Extracted information Start Marker
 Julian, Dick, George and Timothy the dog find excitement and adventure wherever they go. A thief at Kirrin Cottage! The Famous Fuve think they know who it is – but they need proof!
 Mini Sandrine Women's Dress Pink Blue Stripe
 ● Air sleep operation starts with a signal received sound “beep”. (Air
Extracted information End Marker
Extracted information Start Marker
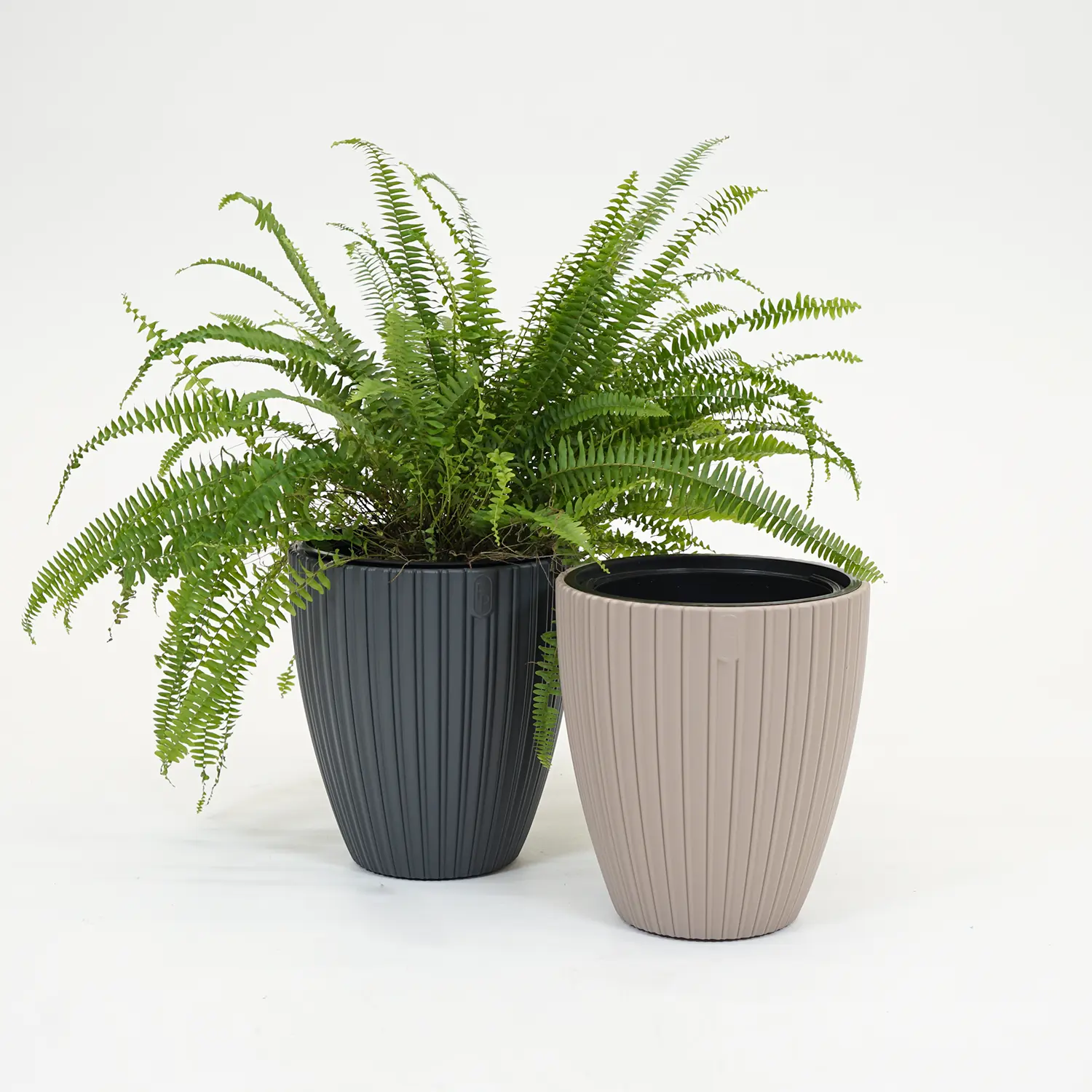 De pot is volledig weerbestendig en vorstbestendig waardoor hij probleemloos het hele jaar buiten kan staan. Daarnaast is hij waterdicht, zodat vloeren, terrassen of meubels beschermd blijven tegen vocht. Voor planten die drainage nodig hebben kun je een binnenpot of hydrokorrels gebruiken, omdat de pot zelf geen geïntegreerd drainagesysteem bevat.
Extracted information End Marker
Work required
Reproduce exactly the entries above, limited to the lines from the one with "Julian, Dick, George" through the one with "Mini Sandrine Women's Dress Pink Blue Stripe", both included.

Problem solution
 Julian, Dick, George and Timothy the dog find excitement and adventure wherever they go. A thief at Kirrin Cottage! The Famous Fuve think they know who it is – but they need proof!
 Mini Sandrine Women's Dress Pink Blue Stripe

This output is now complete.